Pictures in the records below are skipped; the rest is copied exactly.

___ LISTED RECORDS ___

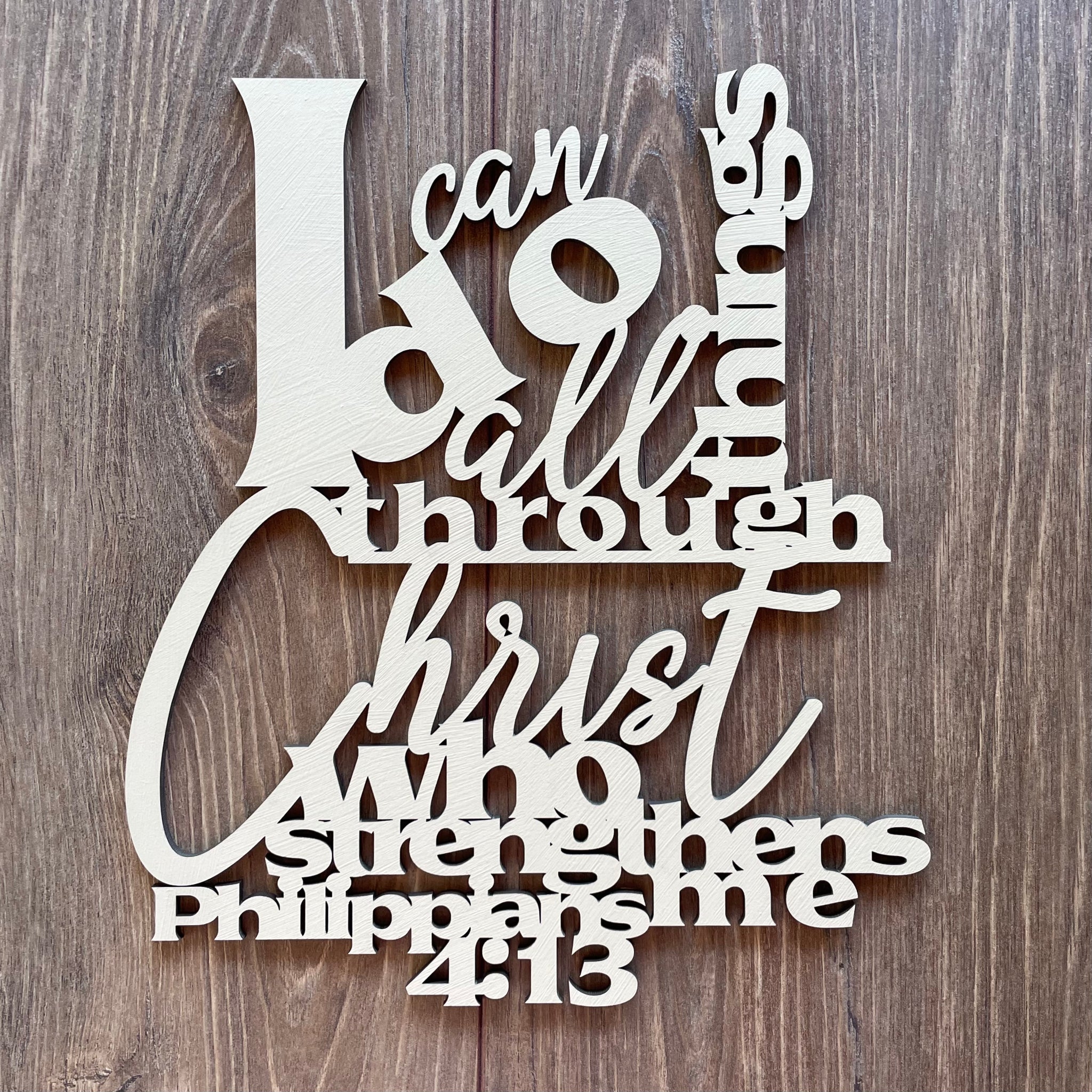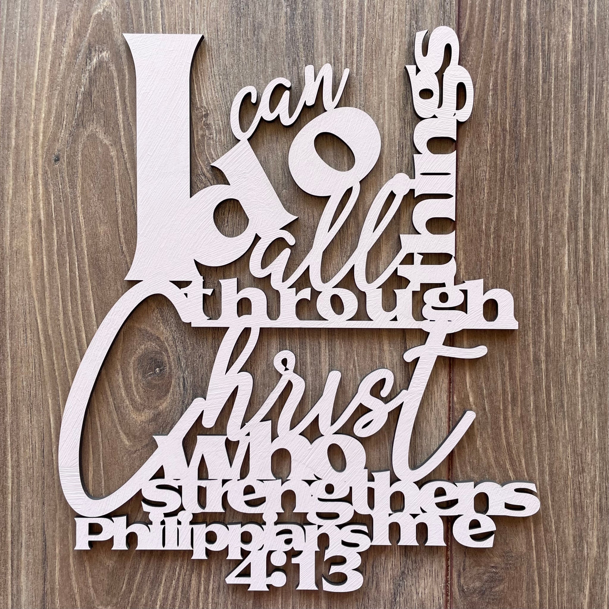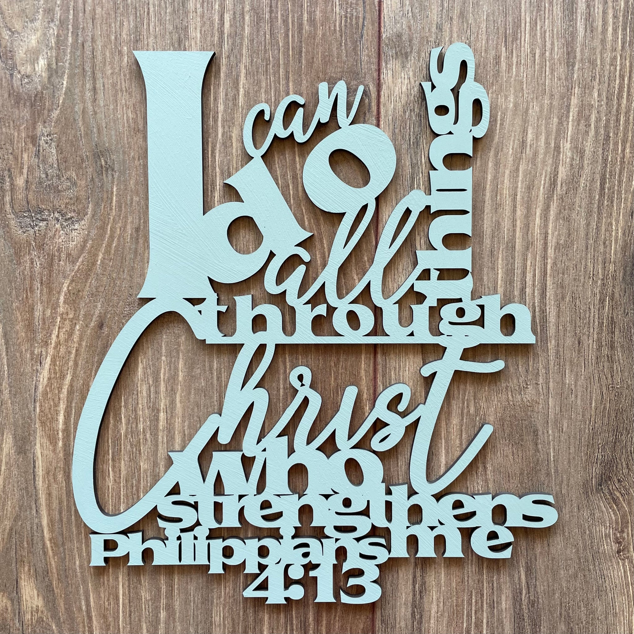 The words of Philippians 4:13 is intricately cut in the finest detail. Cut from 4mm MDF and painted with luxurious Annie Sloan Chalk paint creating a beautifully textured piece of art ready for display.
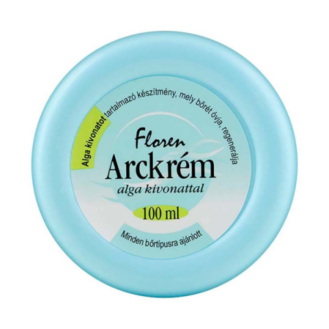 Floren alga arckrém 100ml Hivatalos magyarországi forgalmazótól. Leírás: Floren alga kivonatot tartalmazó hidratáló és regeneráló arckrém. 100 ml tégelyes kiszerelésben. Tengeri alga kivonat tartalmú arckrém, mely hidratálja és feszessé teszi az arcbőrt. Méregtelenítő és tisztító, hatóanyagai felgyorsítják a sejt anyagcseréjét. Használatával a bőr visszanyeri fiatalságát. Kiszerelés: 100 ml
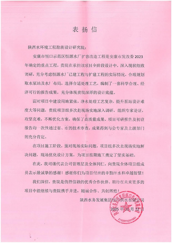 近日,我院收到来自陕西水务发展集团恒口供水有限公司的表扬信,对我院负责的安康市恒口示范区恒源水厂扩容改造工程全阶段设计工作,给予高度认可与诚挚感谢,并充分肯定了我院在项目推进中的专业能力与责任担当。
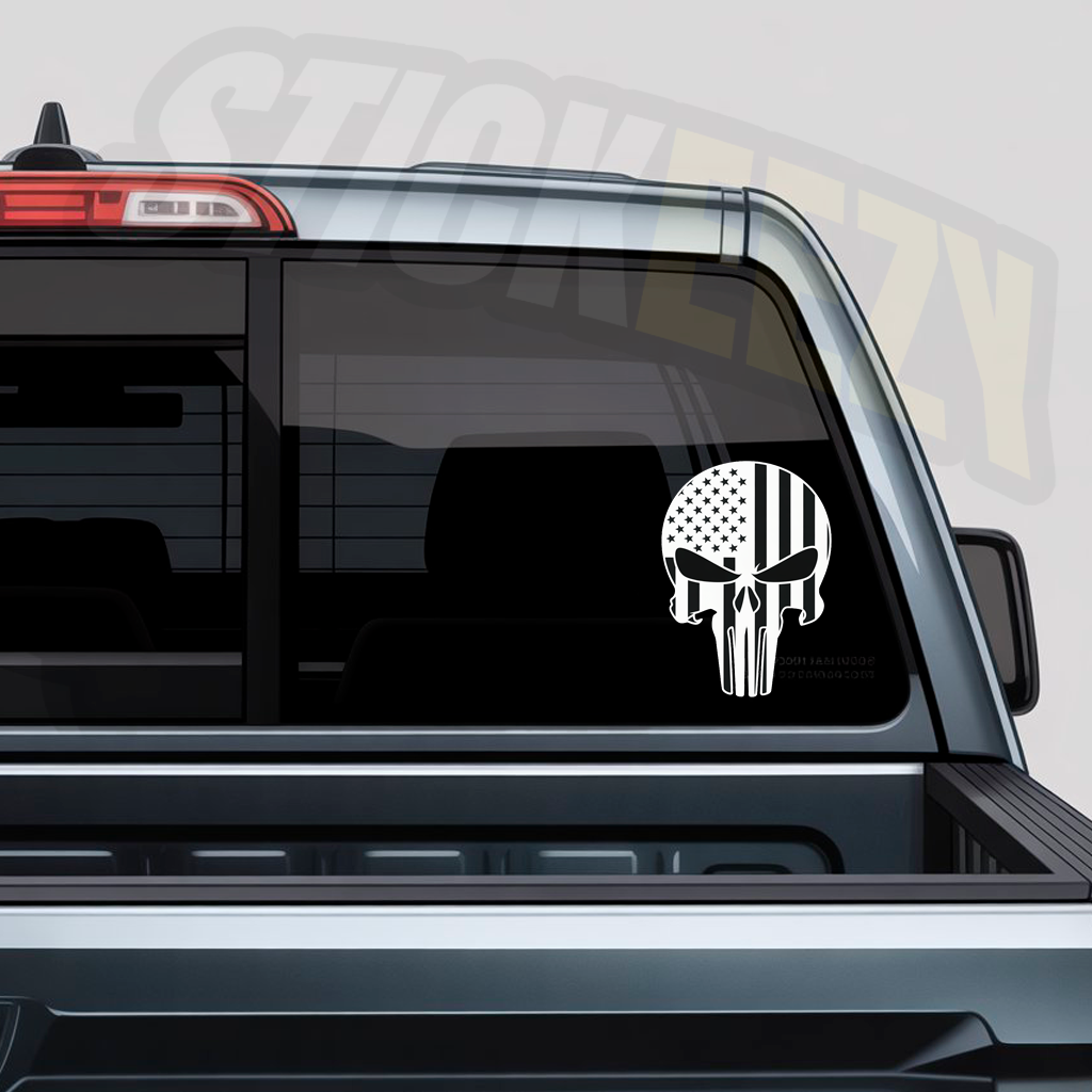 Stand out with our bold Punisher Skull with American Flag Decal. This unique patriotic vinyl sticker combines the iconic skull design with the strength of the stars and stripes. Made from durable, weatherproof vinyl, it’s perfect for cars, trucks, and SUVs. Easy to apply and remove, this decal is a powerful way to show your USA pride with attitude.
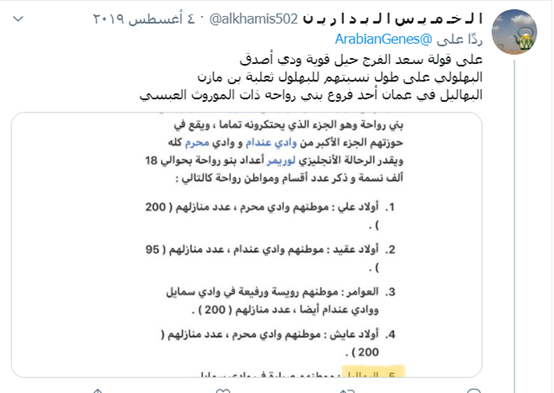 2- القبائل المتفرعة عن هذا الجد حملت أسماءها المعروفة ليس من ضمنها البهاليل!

___

» PROBLEM SOLUTION:
 The words of Philippians 4:13 is intricately cut in the finest detail. Cut from 4mm MDF and painted with luxurious Annie Sloan Chalk paint creating a beautifully textured piece of art ready for display.
 Floren alga arckrém 100ml Hivatalos magyarországi forgalmazótól. Leírás: Floren alga kivonatot tartalmazó hidratáló és regeneráló arckrém. 100 ml tégelyes kiszerelésben. Tengeri alga kivonat tartalmú arckrém, mely hidratálja és feszessé teszi az arcbőrt. Méregtelenítő és tisztító, hatóanyagai felgyorsítják a sejt anyagcseréjét. Használatával a bőr visszanyeri fiatalságát. Kiszerelés: 100 ml
 近日,我院收到来自陕西水务发展集团恒口供水有限公司的表扬信,对我院负责的安康市恒口示范区恒源水厂扩容改造工程全阶段设计工作,给予高度认可与诚挚感谢,并充分肯定了我院在项目推进中的专业能力与责任担当。
 Stand out with our bold Punisher Skull with American Flag Decal. This unique patriotic vinyl sticker combines the iconic skull design with the strength of the stars and stripes. Made from durable, weatherproof vinyl, it’s perfect for cars, trucks, and SUVs. Easy to apply and remove, this decal is a powerful way to show your USA pride with attitude.
 2- القبائل المتفرعة عن هذا الجد حملت أسماءها المعروفة ليس من ضمنها البهاليل!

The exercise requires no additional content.